The correct interpretation appears to me to be that in ancient days menstruants kept very isolated for they were ever referred to as niddoth on account of their isolation since they did not approach people and did not speak to them. For the ancients in their wisdom knew that their breath is harmful, their gaze is detrimental and makes a bad impression, as the philosophers have explained. I will yet mention their experiences in this matter. And the menstruants dwelled isolated in tents where no one entered, just as our Rabbis have mentioned in the Beraitha of Tractate Niddah: “A learned man is forbidden to greet a menstruant. Rabbi Nechemyah says, ‘even the utterance of her mouth is unclean.’ Said Rabbi Yochanan: ‘One is forbidden to walk after a menstruant and tread upon her footsteps, which are as unclean as a corpse; so is the dust upon which the menstruant stepped unclean, and it is forbidden to derive any benefit from her work.’”

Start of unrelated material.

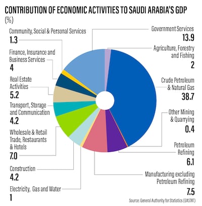 The kingdom’s GDP at current prices stood at 1.05 trillion riyals ($280 billion) in the second quarter of this year, with crude petroleum and natural gas activities contributing 38.7 per cent to the national economy.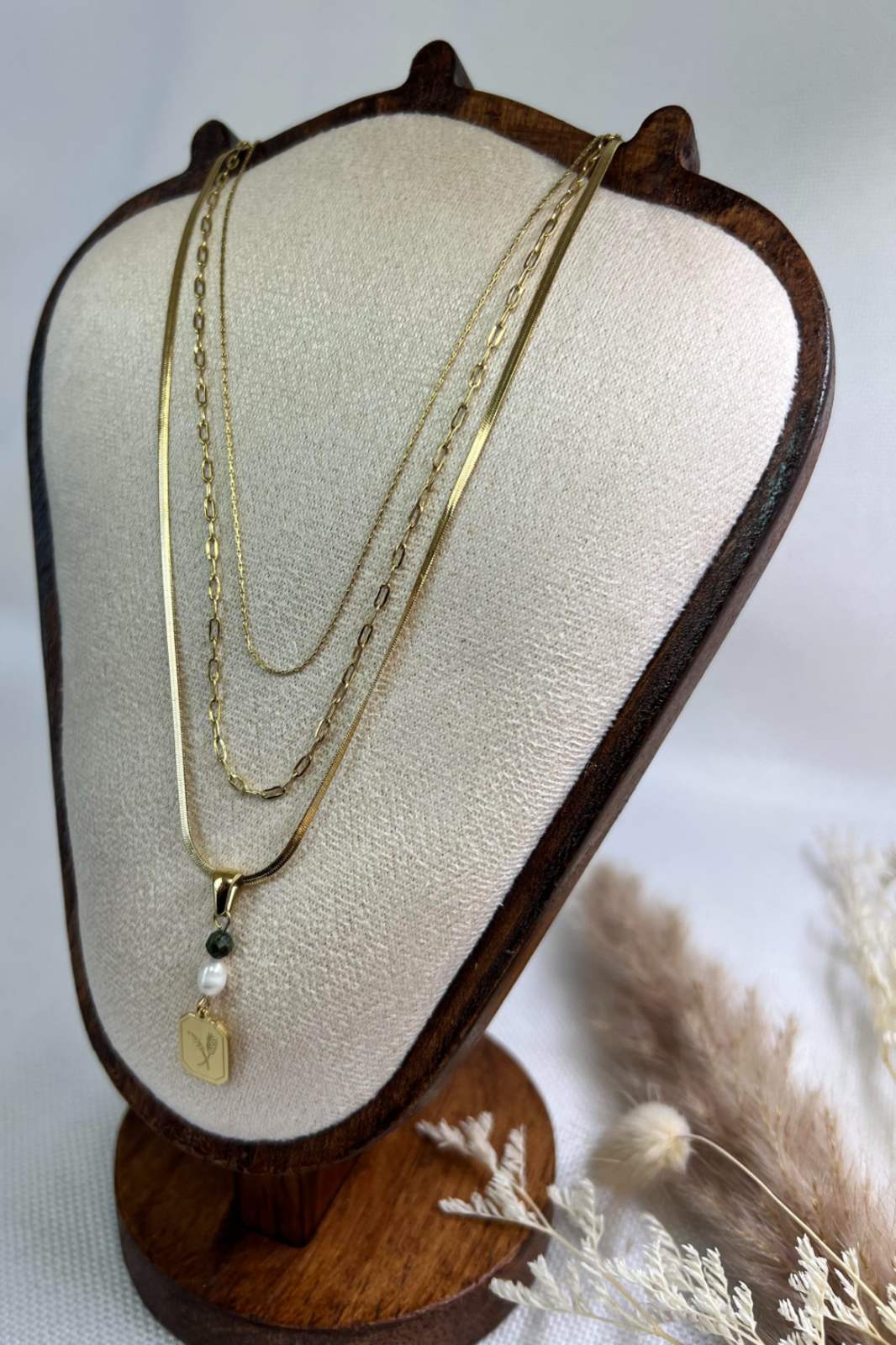 שלוש השרשראות יוצרות מראה עדין ושלם.

Baraita de-Masekhet Niddah is a strange work, with all sorts of extreme statements not found in mainstream rabbinic literature. This is not the place to review in any detail the various scholarly views about the text’s origin.[16] Suffice it to say that Saul Lieberman thought that the author was a sectarian, but not a Karaite.[17] Aptowitzer, however, took issue with Lieberman and argued that Baraita de-Masekhet Niddah is a Karaite forgery designed to insert Karaite views into the Rabbanite community, and also to make the Sages look like fools. As an example of the latter, Aptowitzer quoted the “halakhah” recorded in Baraita de-Masekhet Niddah that a kohen whose family member – by which it means one he lives with – is a niddah cannot offer a sacrifice or perform birkat kohanim.[18] Aptowitzer concluded that it is “very unfortunate” that some rishonim were misled by this forgery, thinking it an authentic work.[19]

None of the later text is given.